One of the foremost priorities for the energy sector is to reduce Scope 1 greenhouse gas (GHG) emissions—those produced as a direct consequence of exploration and production activities. Fortunately, there are several ways in which this can be accomplished with relative ease.
The largest single source of those Scope 1 emissions in the oil and gas sector is methane gas, which is 80 times more potent over a 20-year time frame than carbon dioxide (CO2) and the second largest contributor to global warming overall. Curtailing methane is highly actionable, as most of the gas is released from so-called “super emitting” facilities.
With sensitive and frequent monitoring of these installations via a range of innovative, digital solutions—from satellites to lasers to drones—methane can be detected, and leaks mitigated. Given the short atmospheric lifetime of methane, rigorous control measures like these could eliminate the energy industry’s primary GHG output from the atmosphere inside a generation.
Digital solutions are also helping to characterize and control carbon released in the Scope 1 emissions bracket. Enabling a real-time understanding of equipment performance and usage, companies can measure, plan, and act to efficiently limit and remove waste gases.
Another way the industry can minimize emissions is by removing hydrocarbon use from production activities. Currently, around 5% of daily offshore oil production is used to power platforms, equating to 16 terawatt-hours per year and 200 million metric tons of CO2 per annum. Leveraging wind and solar resources for offshore electrification of facilities—as we see in Equinor’s Hywind Tampen project, and the Innovation and Targeted Oil & Gas process in offshore Scotland—will be a game changer for the wider industry.

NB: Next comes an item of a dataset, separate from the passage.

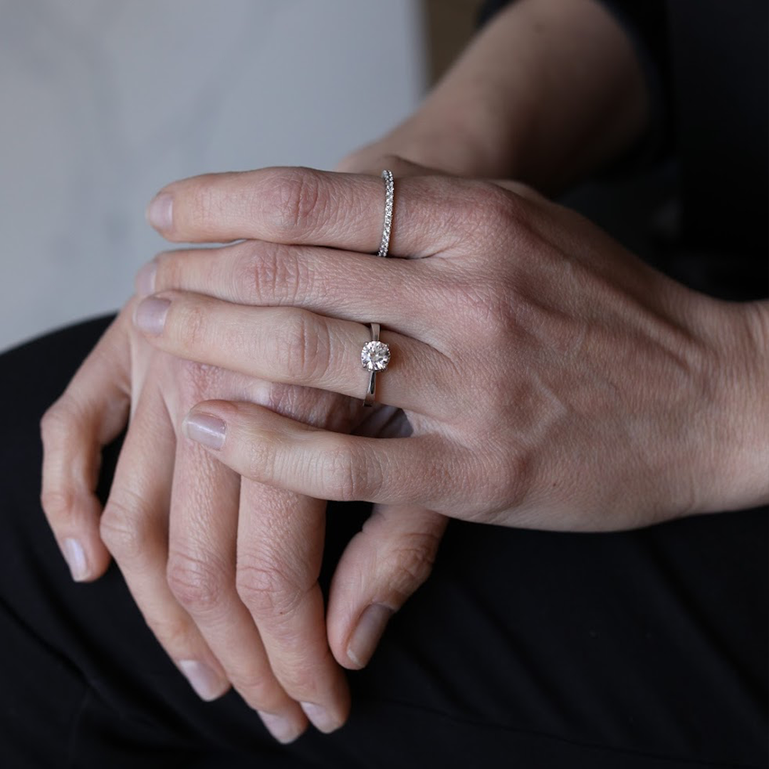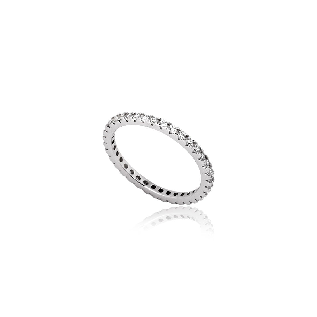 Aliança em prata 925, cravado com zircônias redondas de 1,6mm e acabamento em banho de ródio.

While there are relatively straightforward fixes to some sources of emissions, others present an altogether more difficult proposition. Scope 3 emissions, for example, are defined as GHGs that are not produced directly by companies or the assets owned or controlled by them, but that are emitted upstream and downstream throughout an organization's value chain. This encompasses activities from the end use of sold products to employees commuting and can represent 65–95% of a company’s carbon footprint.
The potential scale of the web of emissions radiating out from companies is one issue—measuring them is another. Traceability of emitting sources both up and down the value chain would be a complex task to fulfill for small-to-mid-sized companies with compact supply chains, but the onus is magnified manyfold for larger corporations with globe-spanning footprints. Organizations of all sizes are therefore faced with the seemingly insurmountable task of accounting for the footprint of every one of their potentially thousands of suppliers (and their products) should they wish to address these complex emissions sources.

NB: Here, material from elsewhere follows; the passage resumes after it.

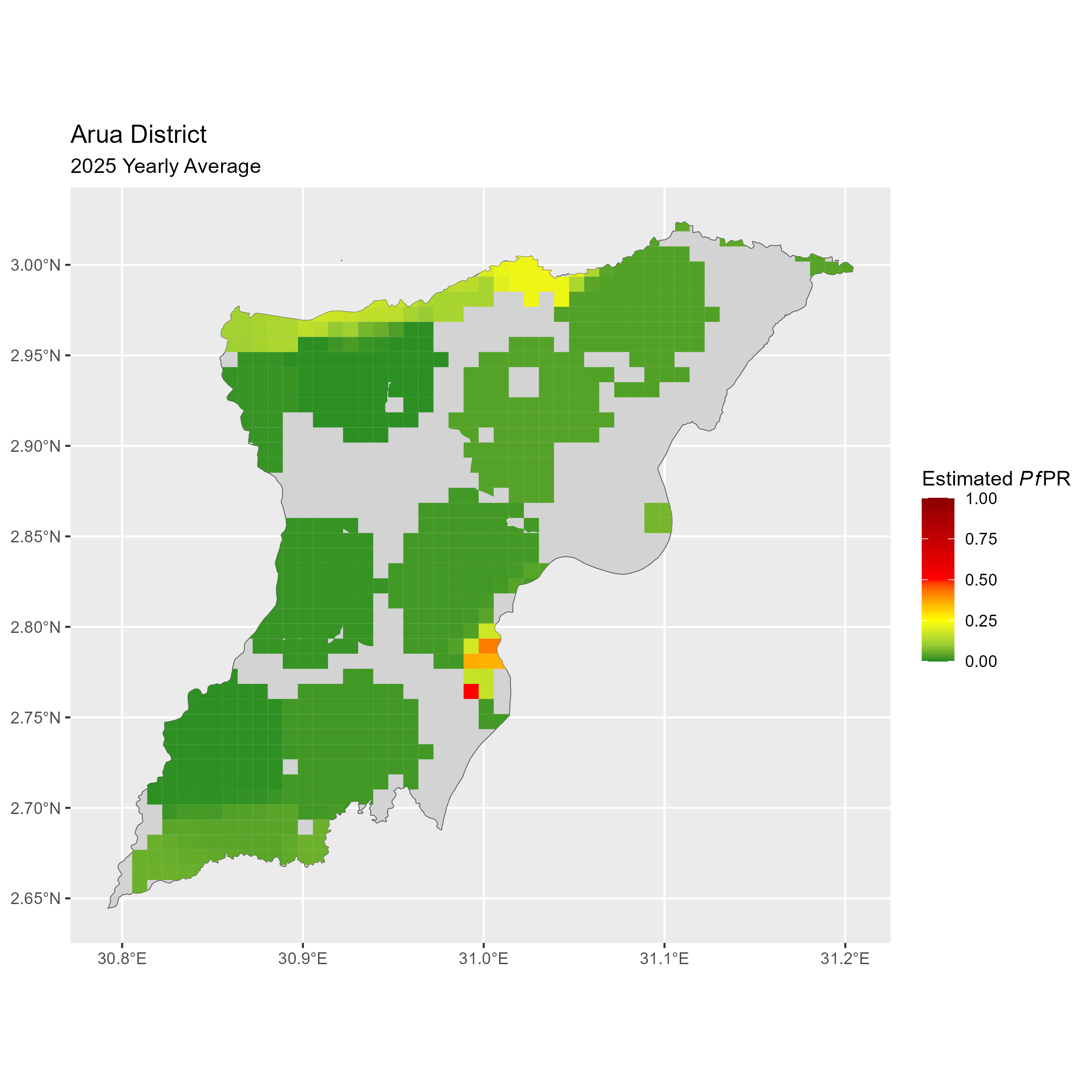 Click to watch an animation of PfPR at pixel level (in a new tab) by Year or by Month).

Once the sources of emissions have been identified and measured, the next requirement is to analyze and audit the enormous volume of Scope 3 data flowing into companies. This entrains notable challenges for data handling—in terms of storage and processing—as well as the dissemination of corroborated metrics to third parties like shareholders and regulators.
Digital tech is at the center of how companies look to automate data collection, founded on accurate calculation and reporting of organizational, asset, and product-based emissions with transparency and credibility.